Michael lays out his purpose in conceiving and editing this book in his very first sentence where he says that it is written for those who find themselves “compelled by the teachings and practices of both Yoga and Buddhism” who are “moved to better understand the porous border between them.” He goes on to affirm their “interdependent history,” and their shared goal of “recognizing suffering and bringing it to an end.”
Before going any further, we again need to clarify what it is that we are referring to by the term “Yoga” in this passage. If one is referring to what I call the “ocean” of teachings and practices originating in the sub-continent of India, I’d say to speak of “Yoga and Buddhism” is already inaccurate as Buddhism is a form of Yoga. If, however, one is referring to the so-called “Classical Yoga” of Patanjali, then we can most certainly compare these two Yoga traditions, but for accuracy, I’d write “Classical Yoga and Buddhism” for greater clarity. And, from this perspective, it is certainly true that the Yoga teachings of the Buddha and of Patanjali share both an interdependent history AND are their respective traditions are incredibly porous!

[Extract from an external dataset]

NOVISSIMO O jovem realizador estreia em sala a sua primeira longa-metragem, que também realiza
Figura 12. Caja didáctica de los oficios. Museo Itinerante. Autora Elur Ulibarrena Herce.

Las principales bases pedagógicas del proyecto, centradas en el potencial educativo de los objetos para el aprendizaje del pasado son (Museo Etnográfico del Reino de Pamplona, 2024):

Michael makes a point that I find both important, and personally frustrating at times in its having to be necessary at all: Yoga has been reduced in the contemporary mind to being all about body practice, and Buddhism has been equally restricted to being an exclusively mental practice! Nothing could be further from the truth!

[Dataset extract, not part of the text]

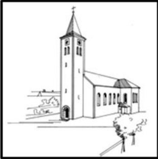
St. Martin – Kaltenbrunn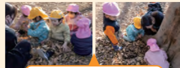
子供も保育者も冬の自然に気づいた活動

落ち葉や小さな虫など冬の自然を感じる遊びが体験できた活動だった。子供の声を聴き、遊びに気づく関わりができていたが、寄り添い過ぎてしまった。子供たちにどこまで寄り添うか、切り替えのポイント等について話し合った。

Michael makes an interesting analogy with trees, comparing (Classical) Yoga and Buddhism to an oak and a maple tree. They share many commonalities, and of course have many differences. He takes it through three levels of comparison. I too often make use of the tree analogy, but I have one tree: the Tree of Yoga. And one branch of this tree is Buddhist Yoga, and another is Classical Yoga (and others include Vedanta, Tantra and from that in turn Hatha.
What do you think? Does either of these models seem more relevant to your own understanding?

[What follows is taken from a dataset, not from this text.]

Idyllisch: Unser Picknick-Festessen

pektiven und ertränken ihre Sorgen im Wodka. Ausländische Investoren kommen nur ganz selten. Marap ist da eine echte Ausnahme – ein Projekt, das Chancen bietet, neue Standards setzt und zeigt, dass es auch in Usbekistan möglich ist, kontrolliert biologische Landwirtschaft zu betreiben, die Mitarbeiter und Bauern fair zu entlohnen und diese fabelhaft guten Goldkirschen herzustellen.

What may come as a surprise to many readers is just how little we know of the Buddha and Patanjali as individuals. Do you think this makes any difference as to how we should receive their teachings?
Finally, I would love to hear from any of you regarding what may be the most pertinent issue raised in the Introduction: Michael asserts a “fundamental affinity between mind practices and body practices.” What do you think of this statement? How does it relate to your own experience of meditation and/or sitting meditation? Is it accurate to conceive of meditation as being about the mind and hatha-yoga-asana to be about the body? Or do you agree that this is a simplistic reduction at best, and perhaps a broad misperception?